ABOUT THIS EXERCISE – Would you return, word for word, the lines of the data below from the line with "7.2.10 Stamford Buttoned" through the line with "勇士128-92大胜黄蜂,库里三节15+6,巴特勒6+8+5", and no others?

SOURCE INFORMATION –
☆ ☆ ☆ ☆ ☆ ☆ ☆

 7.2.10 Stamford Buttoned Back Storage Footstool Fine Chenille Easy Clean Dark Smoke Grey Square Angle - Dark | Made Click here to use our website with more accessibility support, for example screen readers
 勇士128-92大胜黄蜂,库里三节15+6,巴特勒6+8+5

☆ ☆ ☆ ☆ ☆ ☆ ☆

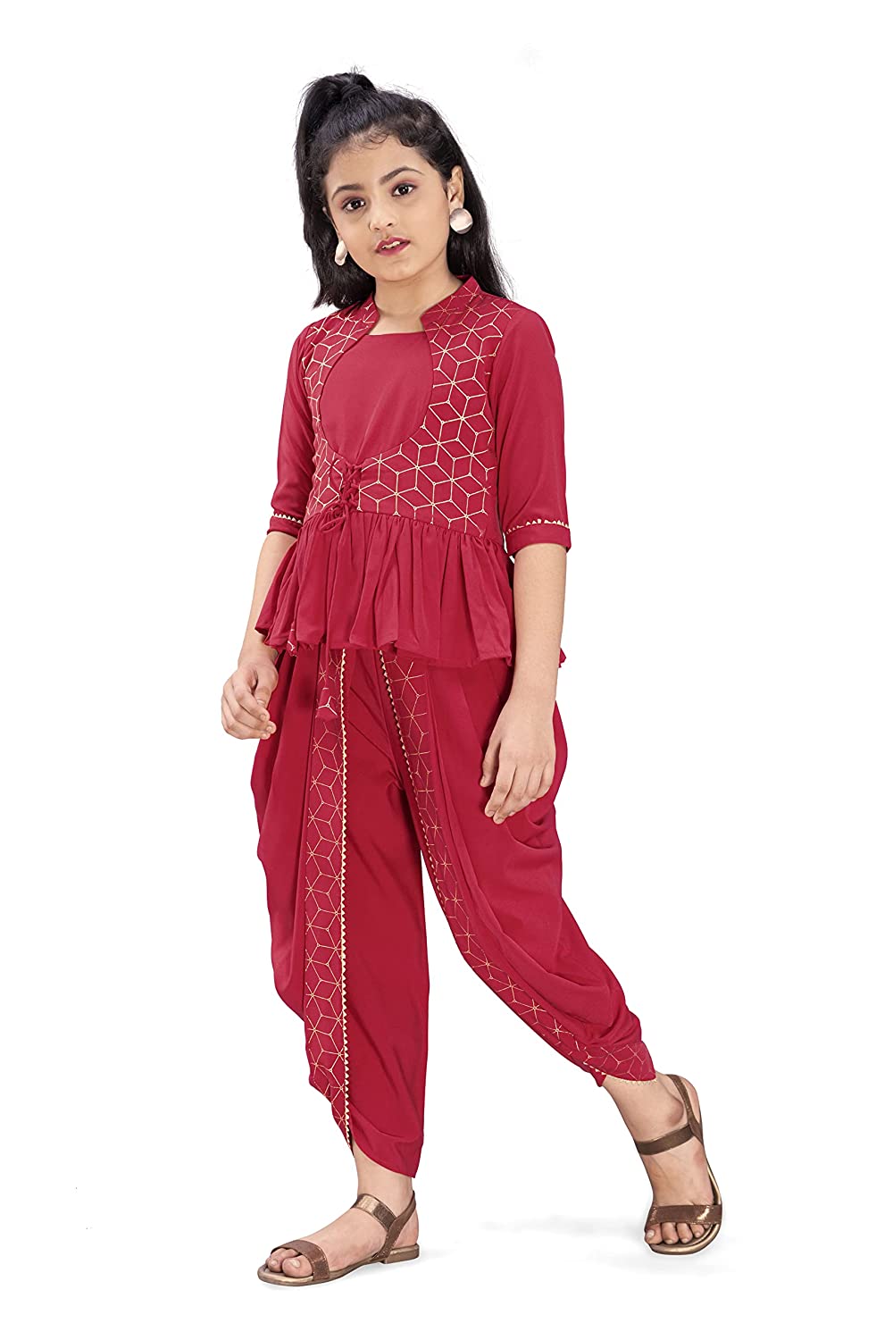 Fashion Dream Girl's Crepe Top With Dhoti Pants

☆ ☆ ☆ ☆ ☆ ☆ ☆

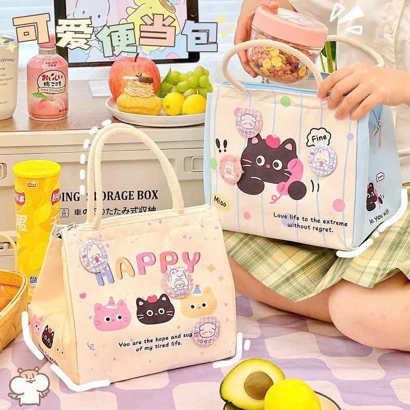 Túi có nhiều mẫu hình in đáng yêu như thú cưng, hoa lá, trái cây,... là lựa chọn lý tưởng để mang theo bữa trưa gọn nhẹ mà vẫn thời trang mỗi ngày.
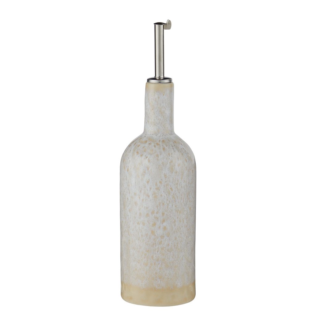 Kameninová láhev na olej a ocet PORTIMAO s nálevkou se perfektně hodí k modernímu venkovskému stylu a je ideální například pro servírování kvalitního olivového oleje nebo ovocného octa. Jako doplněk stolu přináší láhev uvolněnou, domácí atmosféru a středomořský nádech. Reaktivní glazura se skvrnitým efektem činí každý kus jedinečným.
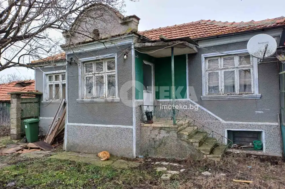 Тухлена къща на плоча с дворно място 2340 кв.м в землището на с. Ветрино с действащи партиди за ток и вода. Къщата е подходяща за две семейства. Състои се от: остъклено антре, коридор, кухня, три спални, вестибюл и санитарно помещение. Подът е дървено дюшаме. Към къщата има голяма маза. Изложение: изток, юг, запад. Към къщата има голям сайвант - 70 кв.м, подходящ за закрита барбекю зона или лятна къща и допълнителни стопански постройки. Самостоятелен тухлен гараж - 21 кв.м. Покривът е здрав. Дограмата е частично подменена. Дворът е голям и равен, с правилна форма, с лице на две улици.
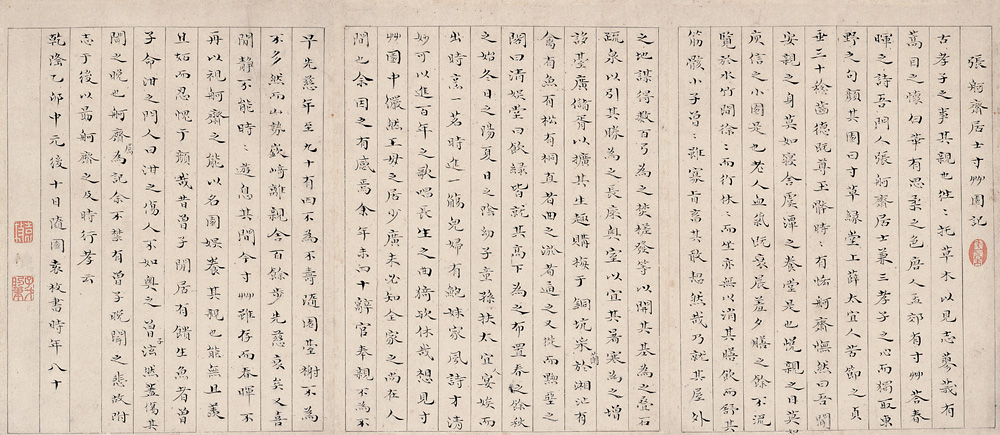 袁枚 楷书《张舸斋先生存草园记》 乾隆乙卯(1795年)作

☆ ☆ ☆ ☆ ☆ ☆ ☆

FINISHED TASK –
 7.2.10 Stamford Buttoned Back Storage Footstool Fine Chenille Easy Clean Dark Smoke Grey Square Angle - Dark | Made Click here to use our website with more accessibility support, for example screen readers
 勇士128-92大胜黄蜂,库里三节15+6,巴特勒6+8+5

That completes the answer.